Er [der Logos] war in der Welt und die Welt ist durch ihn geworden, aber die Welt erkannte ihn nicht. Er kam in sein Eigentum, aber die Seinen nahmen ihn nicht auf. Allen aber, die ihn aufnahmen, gab er Macht, Kinder Gottes zu werden, allen, die an seinen Namen glauben.“ (1,10-12, EÜ)

Das ist die Herrschaft des Logos in der Kirche, dass er nichts erzwingt, sondern diejenigen, die ihm glauben, zu Kinder Gottes ermächtigt.

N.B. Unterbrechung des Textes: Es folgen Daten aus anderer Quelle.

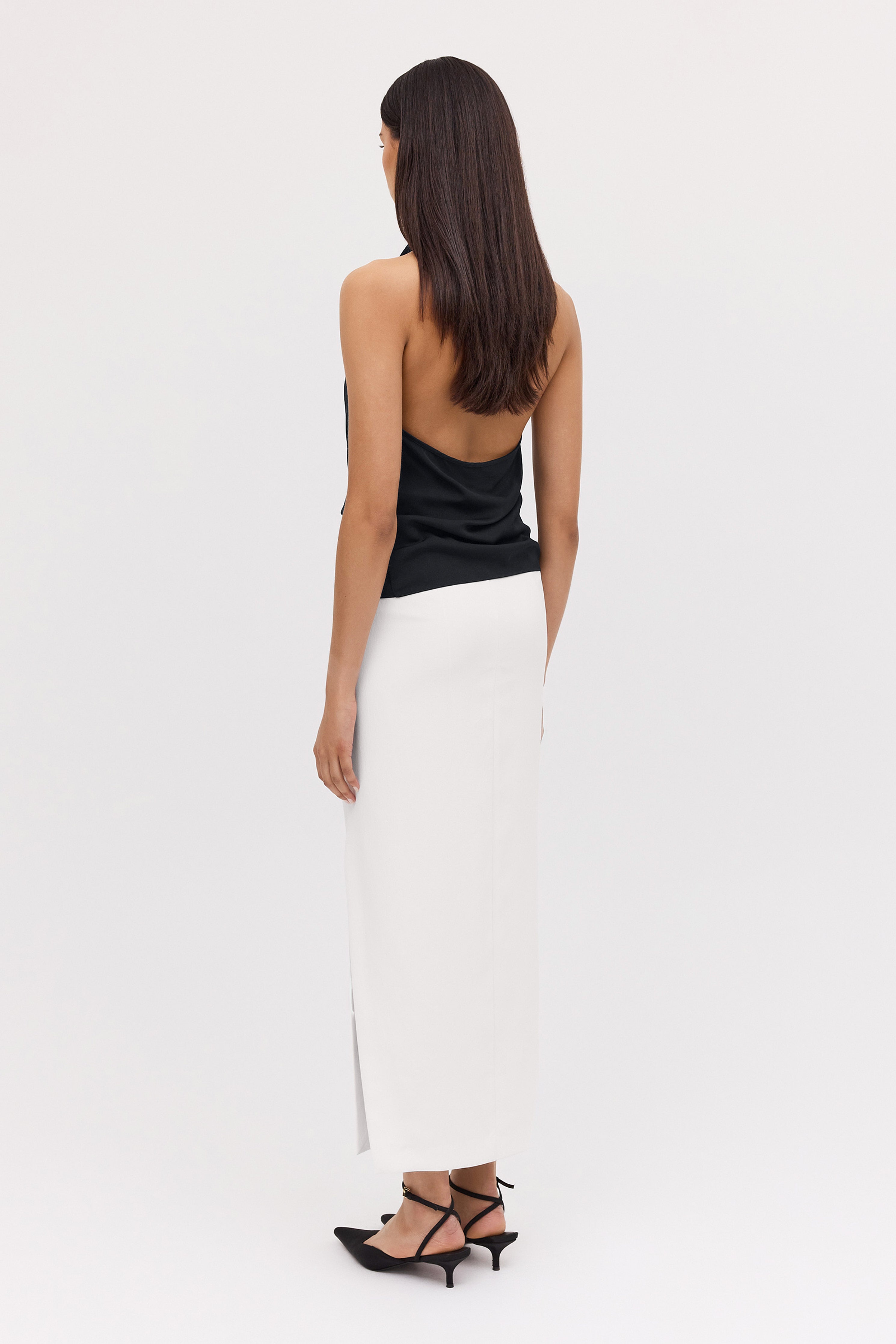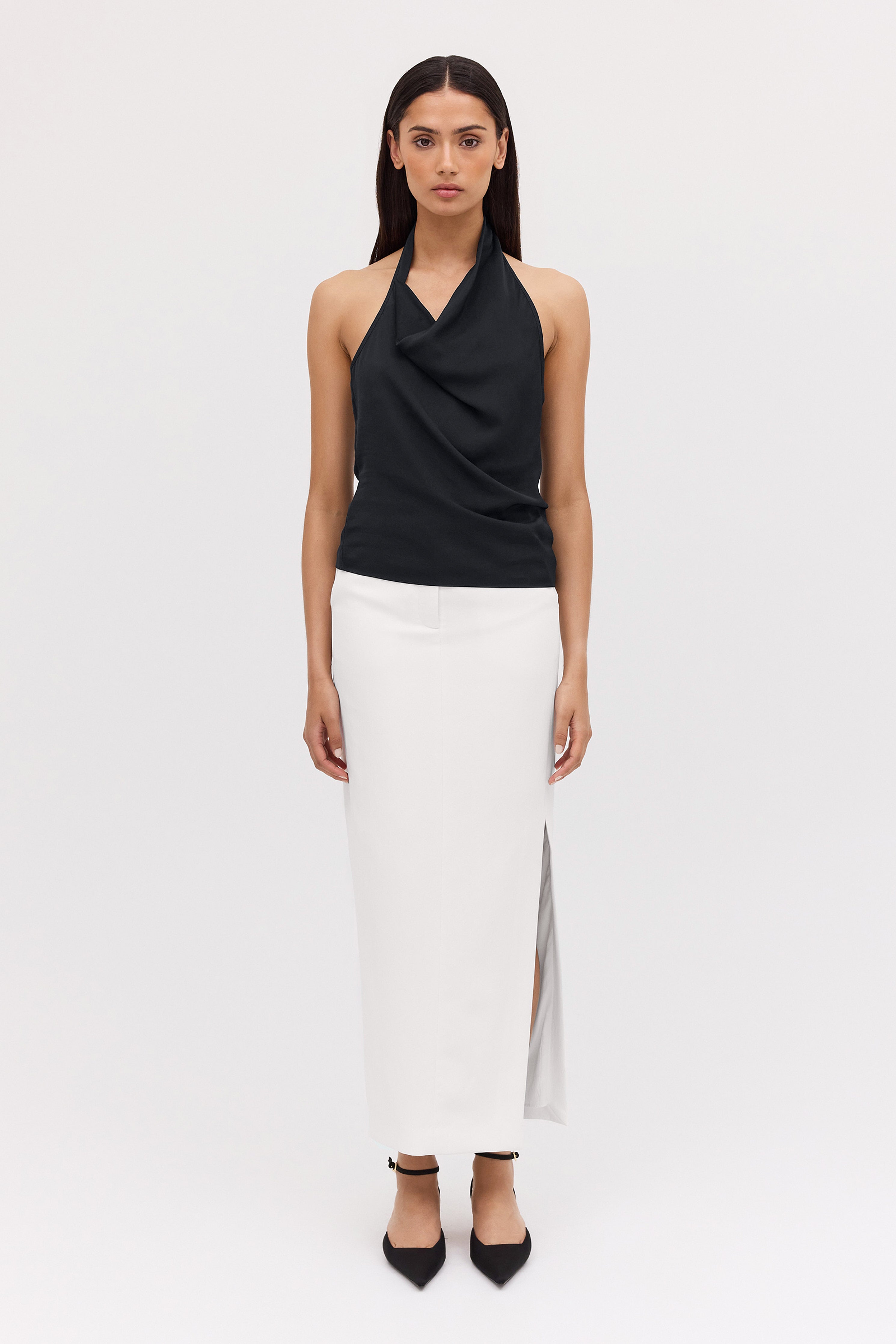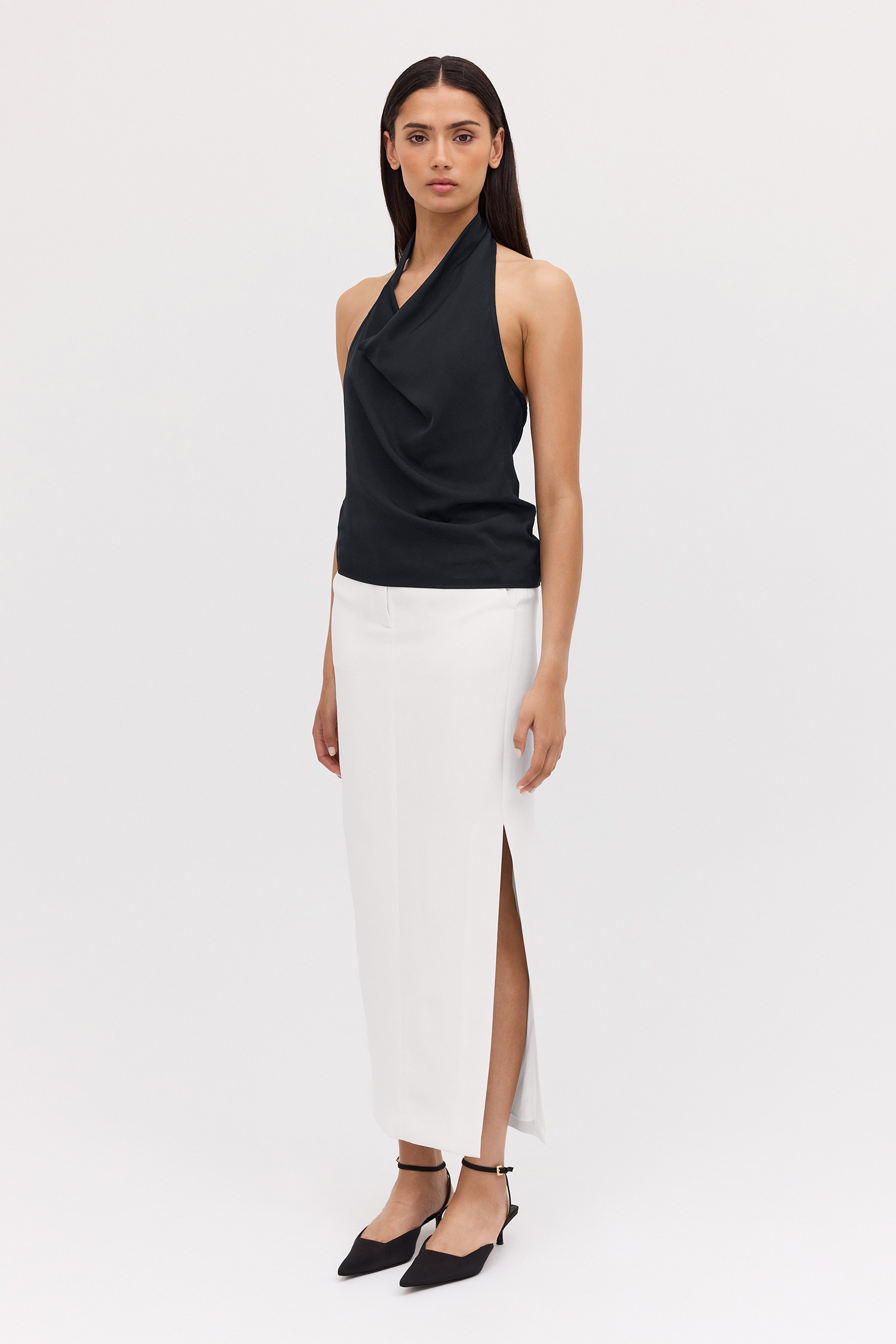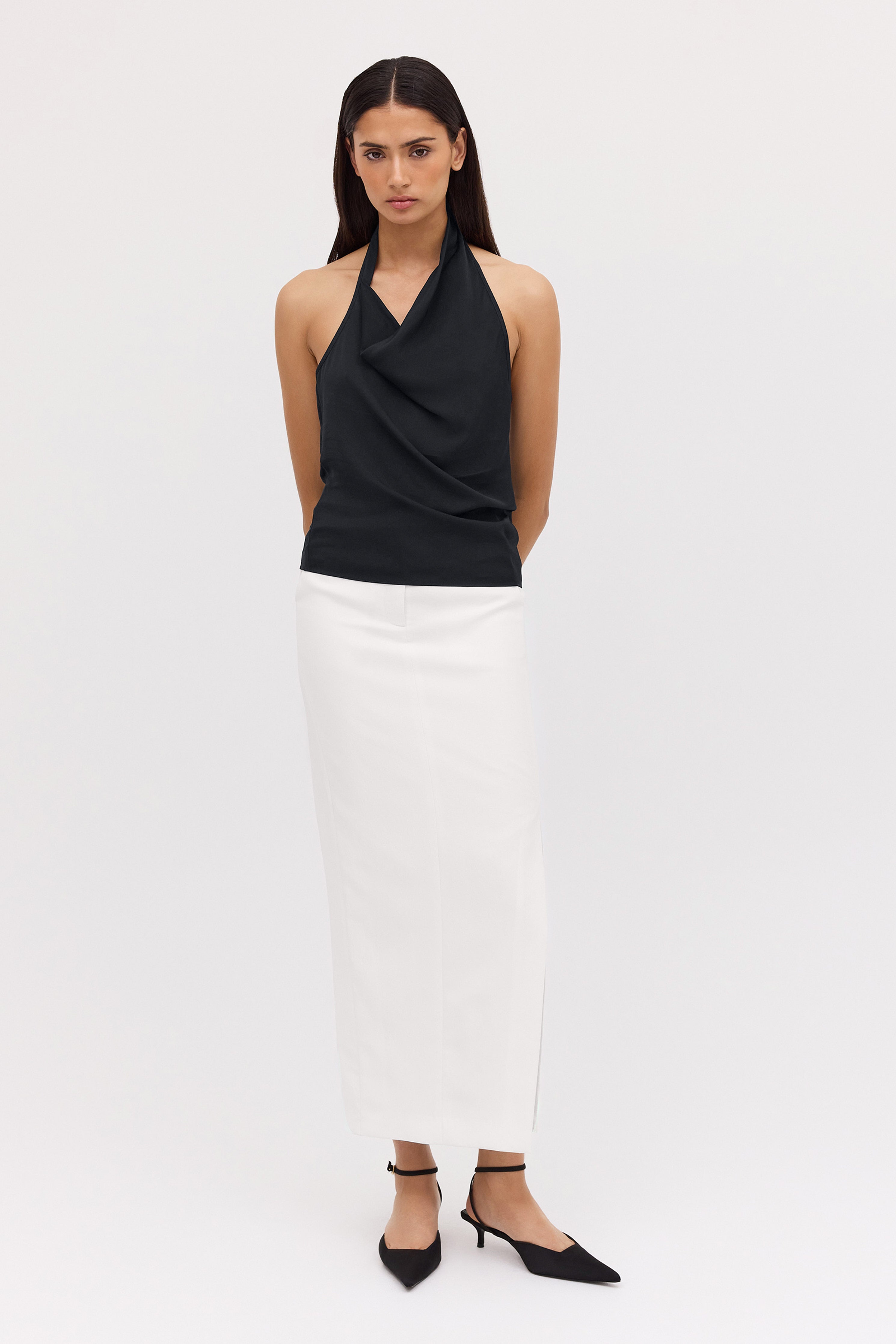 The Sync Top, cut from fluid black satin, features Bianca's signature liquid drape and a modern asymmetrical cowl neckline. Designed to be worn with the Black Satin Tondo Pant, this versatile piece may also be worn separately. We love this styled back with a crisp white trouser or linen skirt.

[1] Vgl. dazu Fritz Mauthner in seinem Wörterbuch der Philosophie. Bei Hannah Arendt ist „Logokratie“ sogar eine Signatur des Totalitarismus.
[2] Augsburger Bekenntnis Artikel 28,21; BSLK 124,9.
[3] Tractatus de potestate papae 30, BSLK 480,24f.
[4] So in seinen satirischen Salmagundi-Briefen eines „Mustapha Rub-a-dub Keli Khan to Asem Hacchem principal slave-driver to his highness the Bashaw of Tripoli“: „To let thee at once into a secret which is unknown to these people themselves, their government is a pure, unadulterated LOGOCRACY or government of words. The whole nation does everything viva voce, or, by word of mouth, and in this manner is one of the most military nations in existence. Every man who has, what is here called, the gift of the gab, that is, a plentiful stock of verbosity, becomes a soldier outright, and is forever in a militant state. The country is intirely defended vi et lingua, that is to say, by force of tongues […] In logocracy thou well knowest there is little or no occasion for fire arms or any such destructive weapons. Every offensive or defensive measure is enforced by wordy battle, and paper war; he who has the longest tongue, or readiest quill, is sure to gain the victory — will carry horror, abuse, and ink-shed into the very trenches of the enemy, and without mercy or remorse, put men, women, and children, to the point of the — pen!“ (Salmagundi, No. VII, Saturday, April 4, 1807). Im Übrigen taucht der Begriff logocracy im 18. Jahrhundert in Robert Flemings Christology (1708) auf, wo er die Weltherrschaft des Logos vor der Inkarnation bezeichnet: „Logocracy; or Christ’s government, both of the world, and church of old, as the Logos“. Siehe Christology, or a Discourse concerning Christ; in himself, his Government, his Offices, &c. By the Rev. Robert Fleming, (author of the “Discourse on the Rise and Fall of the Papacy,”) Abridged: in two Parts. By Alexander Cleeve, A.B. Vicar of Wooler, Northumberland. 8vo, 527 pp. 75. Deighton, Cambridge; Cooke, Oxford; Rivingtons, London; Hill, Edinburgh. 1795, S. 2 .
[5] 1. These der Barmer Theologischen Erklärung.

Hier mein Text als pdf.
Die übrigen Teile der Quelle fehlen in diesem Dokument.